TASK — Take the line containing "Биткоин подешевел почти на $4 тысячи" and each line after it through the end of the data below, and return them exactly, minus any pictures.

RECORDED INFORMATION —
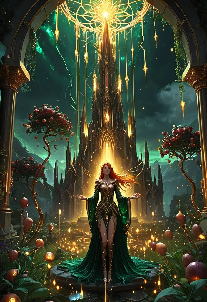 **Masterpiece digital painting , epic fantasy art. Central towering crystal spire exploding with golden lightning ) , shattering black chains in mid-air. Below , a lush , glowing garden of flora with pomegranate trees and luminous flowers. A serene brrzhtsking beauty celtic redhead queen on her knees in the garden , one hand touching the earth , the other catching falling stars. Style of Amano's elegance and Greg Rutkowski's depth. Color palette: Emerald green , deep violet , celestial gold , and volcanic orange. Hyperdetailed , mystical atmosphere , divine light rays , 8K , cinematic composition.** octane render epic masterpiece ,
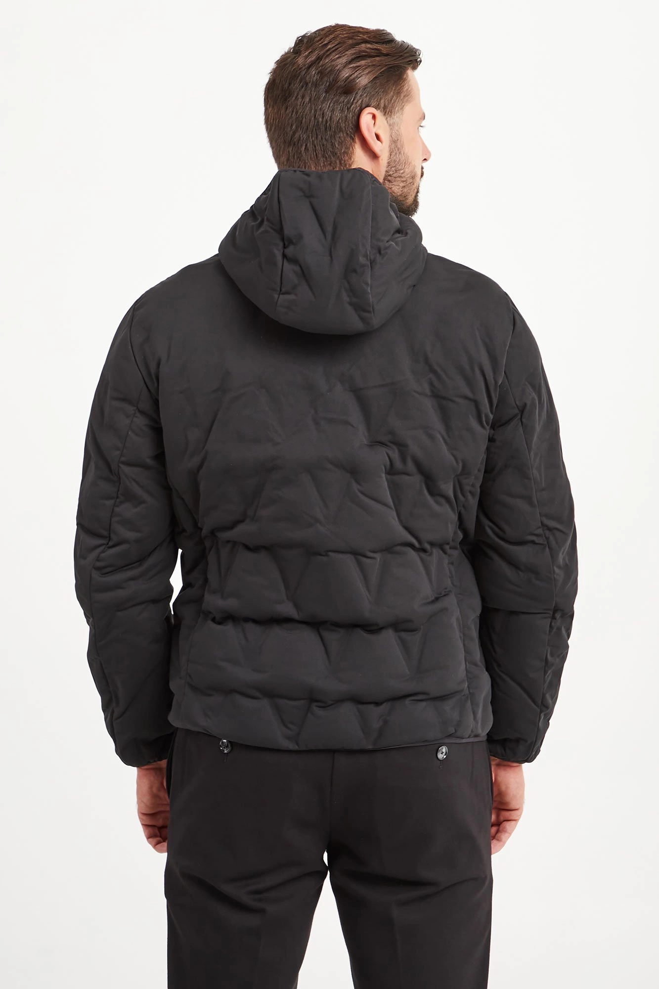 Kurtka w czarnym kolorze z kapturem. Na całości tłoczenia imitujące pikowanie. Zapinana na dwukierunkowy zamek zdobiony nadrukiem logo marki. Z przodu dwie kieszenie zapinane na zamek. Kaptur, rękawy i dół wykończone czarnym, elastycznym ściągaczem. Na lewym rękawie aplikacja z nazwą i logo marki. Podszewka w kolorze szarego melanżu, z tłoczeniami. Kurtka wykonana z wysokiej jakości materiału z wypełnieniem z kaczego puchu i pierza. Ciepła, lekka i miękka w dotyku.
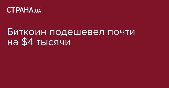Биткоин подешевел почти на $4 тысячи
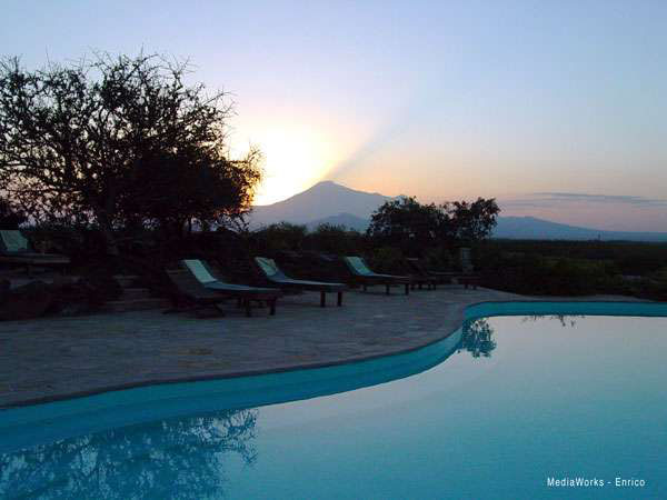 The lodge's swimming pool and sundeck is spectacularly located on top of a hill affording a breathtaking 360° panoramic view of mount Kilimanjaro, Mount Meru, the Maasai steppe and onwards. Close by is Arusha National Park.

SOLUTION TO THIS EXERCISE —
Биткоин подешевел почти на $4 тысячи
 The lodge's swimming pool and sundeck is spectacularly located on top of a hill affording a breathtaking 360° panoramic view of mount Kilimanjaro, Mount Meru, the Maasai steppe and onwards. Close by is Arusha National Park.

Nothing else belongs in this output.